About this exercise:
The response should consist only of the lines from the one with "Inspired by an" to the end of the data below, copied exactly and without pictures.

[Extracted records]
━━━━━━━━━━

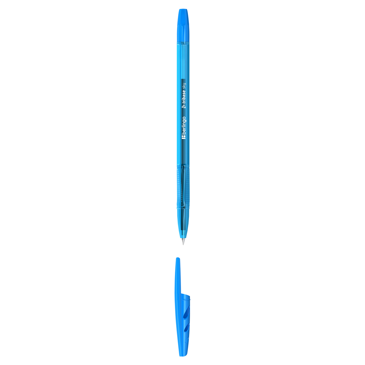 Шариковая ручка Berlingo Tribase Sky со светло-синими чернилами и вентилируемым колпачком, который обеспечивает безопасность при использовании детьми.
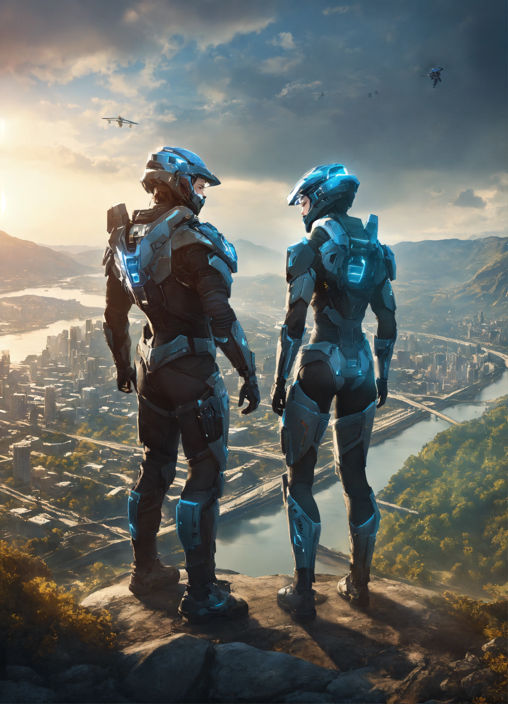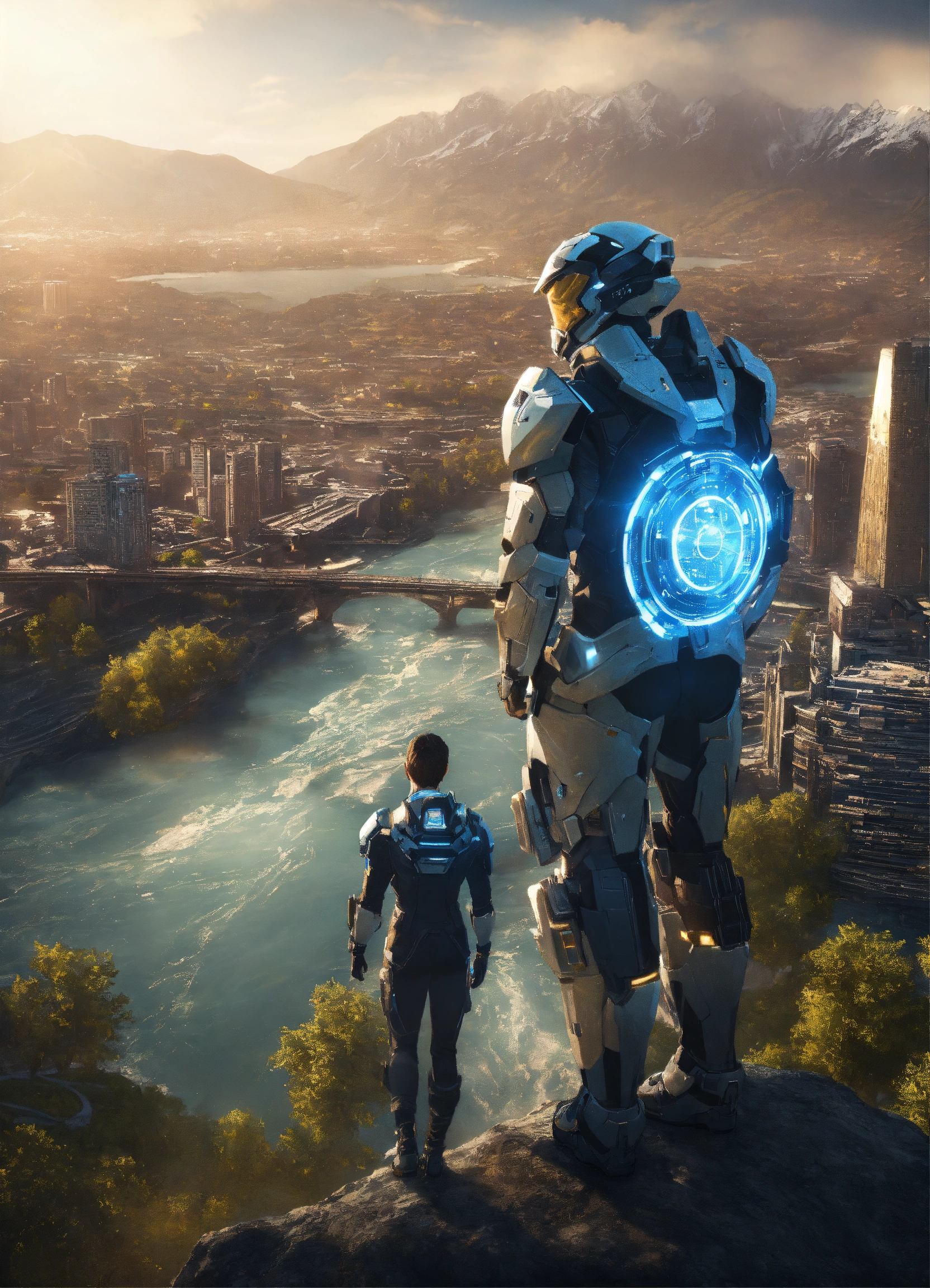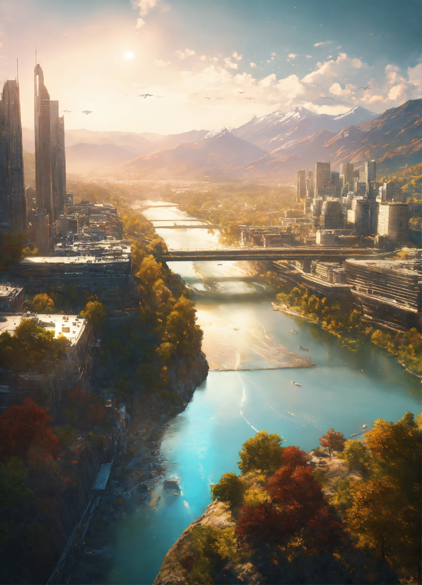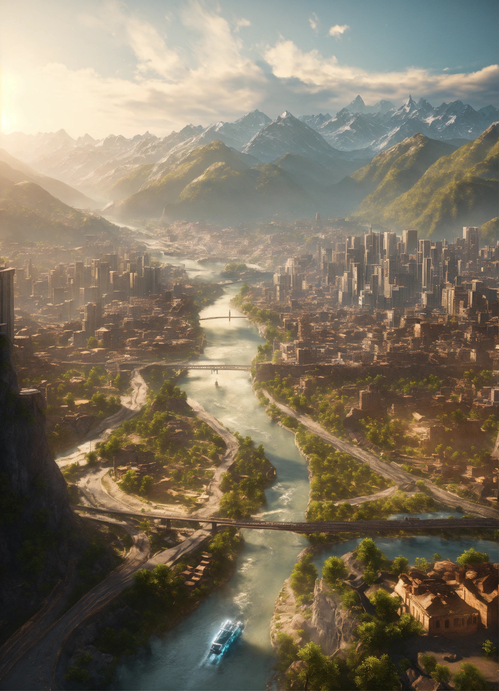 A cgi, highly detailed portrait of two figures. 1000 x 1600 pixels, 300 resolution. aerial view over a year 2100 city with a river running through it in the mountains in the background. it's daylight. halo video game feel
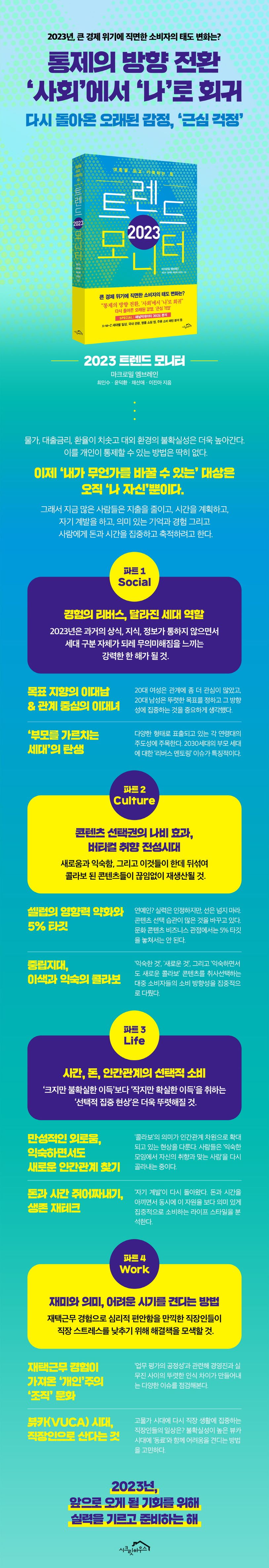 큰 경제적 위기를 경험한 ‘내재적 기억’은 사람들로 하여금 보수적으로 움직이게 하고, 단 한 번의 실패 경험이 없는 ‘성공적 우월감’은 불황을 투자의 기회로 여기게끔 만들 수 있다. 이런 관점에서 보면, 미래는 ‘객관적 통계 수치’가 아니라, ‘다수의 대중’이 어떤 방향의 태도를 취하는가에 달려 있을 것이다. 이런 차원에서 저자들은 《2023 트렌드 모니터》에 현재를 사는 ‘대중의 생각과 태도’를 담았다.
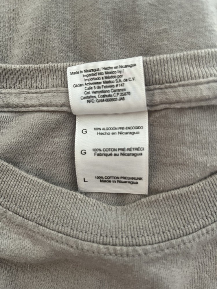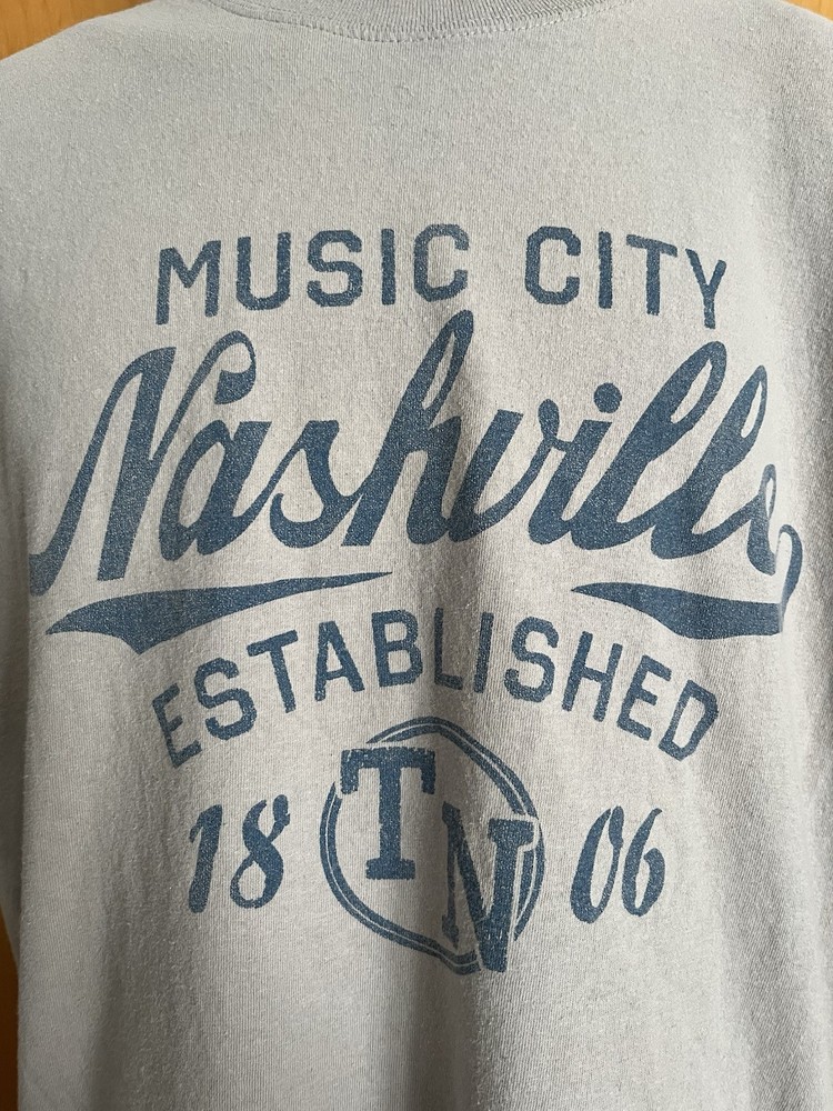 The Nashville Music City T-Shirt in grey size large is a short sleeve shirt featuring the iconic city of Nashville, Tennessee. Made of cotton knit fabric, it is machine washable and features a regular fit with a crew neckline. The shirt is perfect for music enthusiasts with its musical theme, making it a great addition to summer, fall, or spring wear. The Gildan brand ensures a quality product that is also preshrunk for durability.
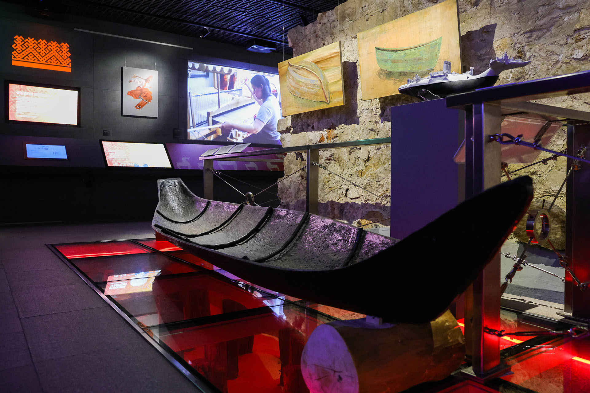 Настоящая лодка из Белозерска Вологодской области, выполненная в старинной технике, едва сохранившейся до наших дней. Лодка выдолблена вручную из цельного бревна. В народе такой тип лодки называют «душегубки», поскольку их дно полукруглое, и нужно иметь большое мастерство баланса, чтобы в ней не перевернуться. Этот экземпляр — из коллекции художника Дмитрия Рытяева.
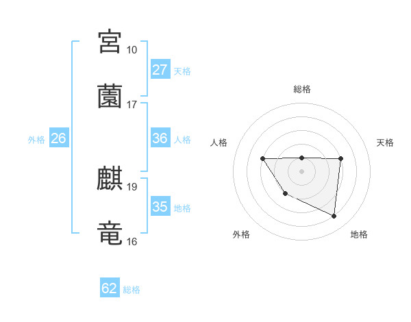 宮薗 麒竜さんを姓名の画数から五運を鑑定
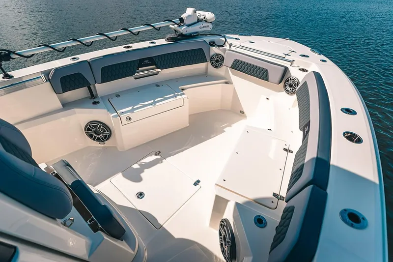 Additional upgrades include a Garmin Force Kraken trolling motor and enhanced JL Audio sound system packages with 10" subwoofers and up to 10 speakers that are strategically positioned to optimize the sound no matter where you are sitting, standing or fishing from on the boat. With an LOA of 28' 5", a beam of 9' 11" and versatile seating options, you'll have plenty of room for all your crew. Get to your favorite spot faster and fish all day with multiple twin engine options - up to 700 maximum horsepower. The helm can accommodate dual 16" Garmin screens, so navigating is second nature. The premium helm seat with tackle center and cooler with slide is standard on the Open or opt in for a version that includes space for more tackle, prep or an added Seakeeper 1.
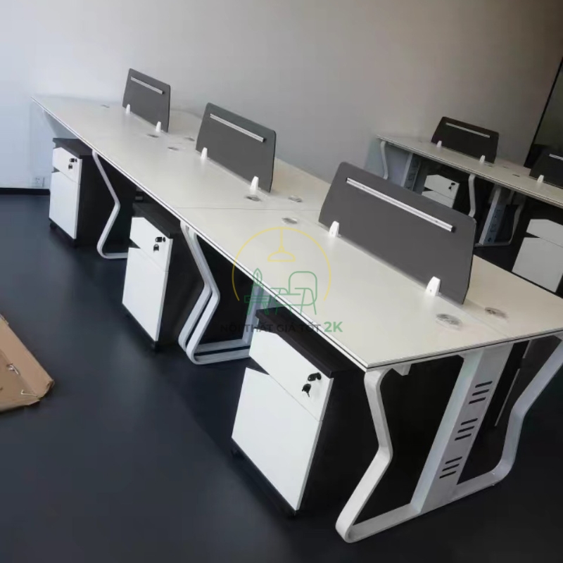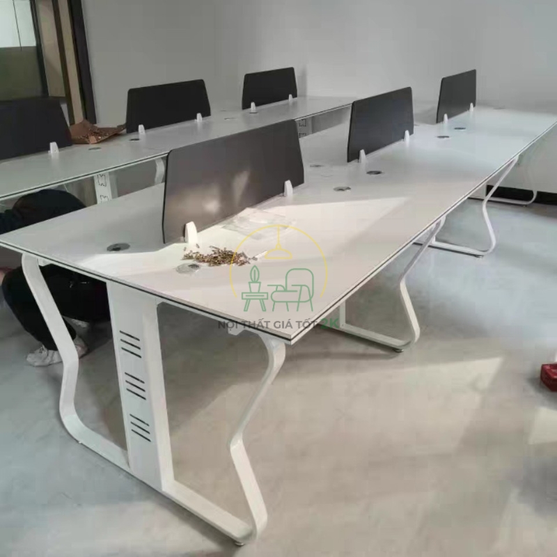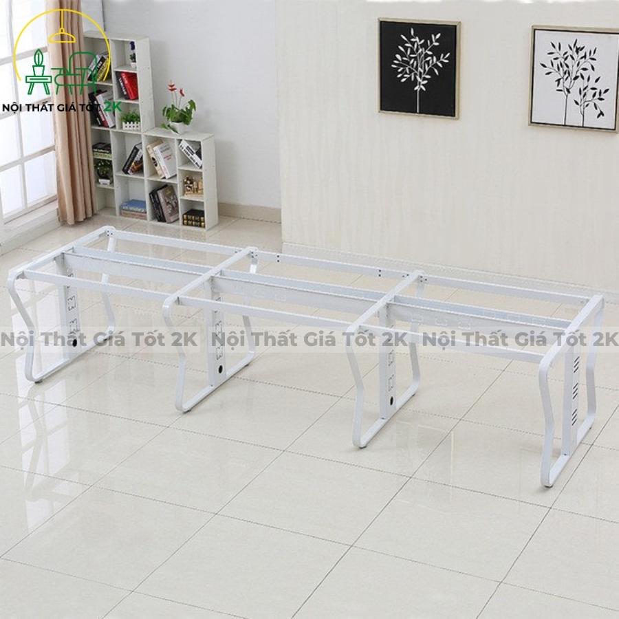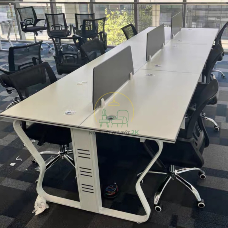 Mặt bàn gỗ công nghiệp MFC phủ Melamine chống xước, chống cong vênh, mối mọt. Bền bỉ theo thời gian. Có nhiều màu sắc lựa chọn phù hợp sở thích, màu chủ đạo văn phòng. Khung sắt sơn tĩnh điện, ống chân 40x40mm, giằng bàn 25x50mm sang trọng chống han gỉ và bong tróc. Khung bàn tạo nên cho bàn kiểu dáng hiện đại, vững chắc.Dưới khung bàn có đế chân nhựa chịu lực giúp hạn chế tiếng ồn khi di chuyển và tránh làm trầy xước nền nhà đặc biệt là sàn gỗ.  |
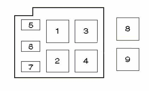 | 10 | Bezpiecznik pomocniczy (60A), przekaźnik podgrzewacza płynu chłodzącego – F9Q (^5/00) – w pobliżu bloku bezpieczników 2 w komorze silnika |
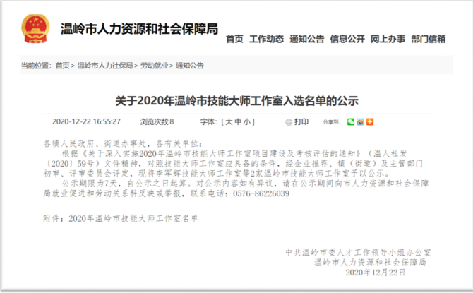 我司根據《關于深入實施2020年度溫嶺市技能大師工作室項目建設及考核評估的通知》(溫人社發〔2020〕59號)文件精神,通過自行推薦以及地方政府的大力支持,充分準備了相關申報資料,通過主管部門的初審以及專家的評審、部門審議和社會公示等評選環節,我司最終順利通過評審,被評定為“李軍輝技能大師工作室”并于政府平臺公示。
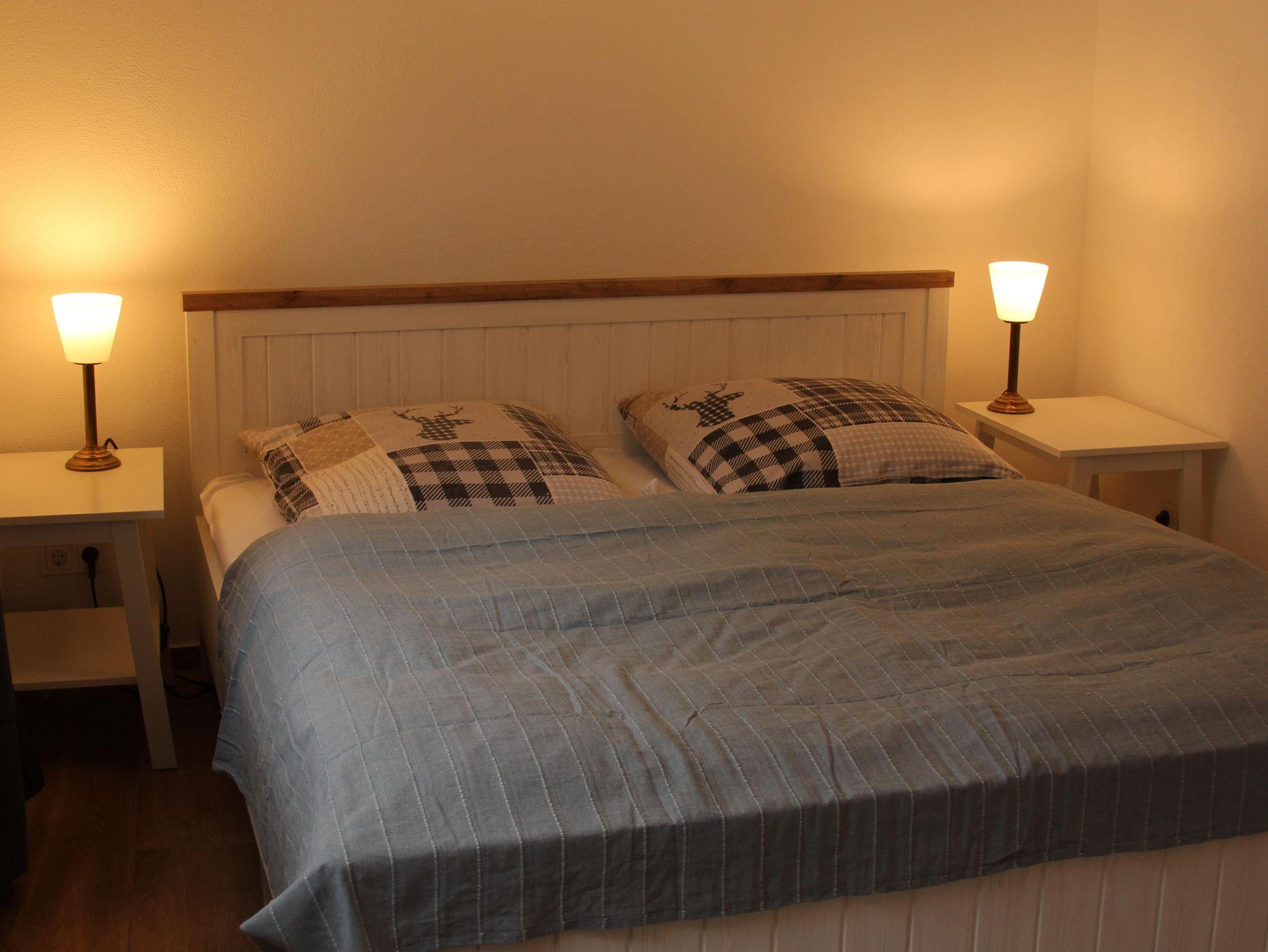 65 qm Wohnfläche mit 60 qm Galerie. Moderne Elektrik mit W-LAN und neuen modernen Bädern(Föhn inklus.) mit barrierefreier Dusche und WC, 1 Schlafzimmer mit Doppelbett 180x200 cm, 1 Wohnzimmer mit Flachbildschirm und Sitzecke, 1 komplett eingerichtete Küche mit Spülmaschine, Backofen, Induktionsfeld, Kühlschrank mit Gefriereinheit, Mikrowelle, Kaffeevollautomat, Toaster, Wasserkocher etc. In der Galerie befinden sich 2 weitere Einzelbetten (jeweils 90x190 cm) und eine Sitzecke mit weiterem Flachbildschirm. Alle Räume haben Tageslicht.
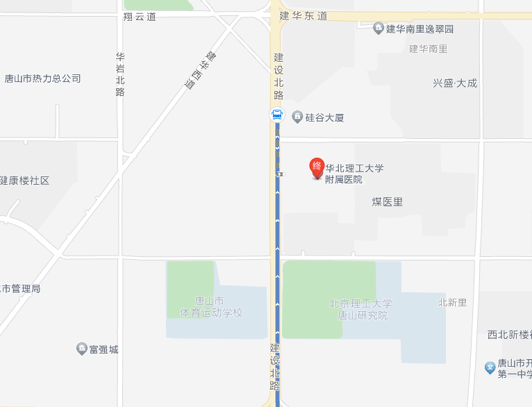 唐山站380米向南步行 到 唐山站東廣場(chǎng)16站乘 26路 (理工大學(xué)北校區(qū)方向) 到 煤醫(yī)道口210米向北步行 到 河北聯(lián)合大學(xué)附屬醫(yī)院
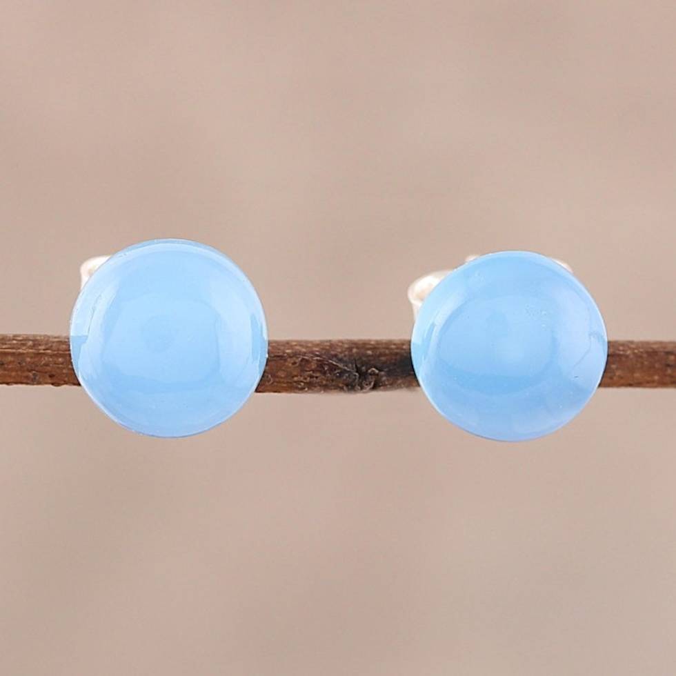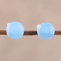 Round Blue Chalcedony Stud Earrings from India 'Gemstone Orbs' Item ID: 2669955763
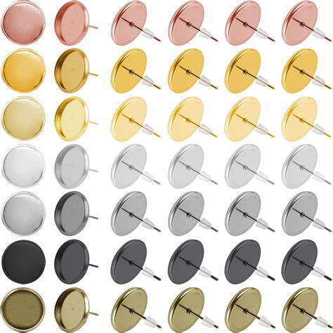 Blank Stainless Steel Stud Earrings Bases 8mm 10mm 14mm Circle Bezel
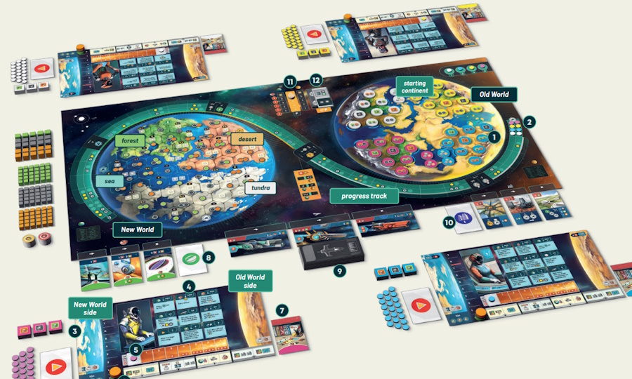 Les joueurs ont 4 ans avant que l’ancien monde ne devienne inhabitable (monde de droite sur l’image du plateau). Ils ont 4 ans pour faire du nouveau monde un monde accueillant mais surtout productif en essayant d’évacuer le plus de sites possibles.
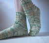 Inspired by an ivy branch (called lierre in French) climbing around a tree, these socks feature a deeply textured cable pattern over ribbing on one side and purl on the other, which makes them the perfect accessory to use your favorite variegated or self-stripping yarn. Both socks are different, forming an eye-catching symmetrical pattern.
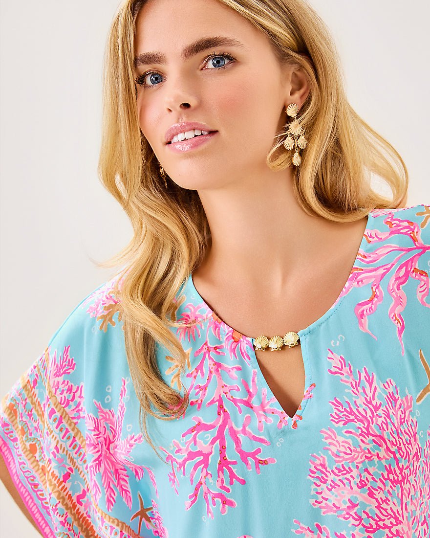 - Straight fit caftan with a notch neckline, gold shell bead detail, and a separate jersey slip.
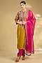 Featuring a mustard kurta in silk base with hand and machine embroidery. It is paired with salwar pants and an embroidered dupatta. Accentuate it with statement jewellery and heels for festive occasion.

━━━━━━━━━━

Solution to this problem:
 Inspired by an ivy branch (called lierre in French) climbing around a tree, these socks feature a deeply textured cable pattern over ribbing on one side and purl on the other, which makes them the perfect accessory to use your favorite variegated or self-stripping yarn. Both socks are different, forming an eye-catching symmetrical pattern.
 - Straight fit caftan with a notch neckline, gold shell bead detail, and a separate jersey slip.
 Featuring a mustard kurta in silk base with hand and machine embroidery. It is paired with salwar pants and an embroidered dupatta. Accentuate it with statement jewellery and heels for festive occasion.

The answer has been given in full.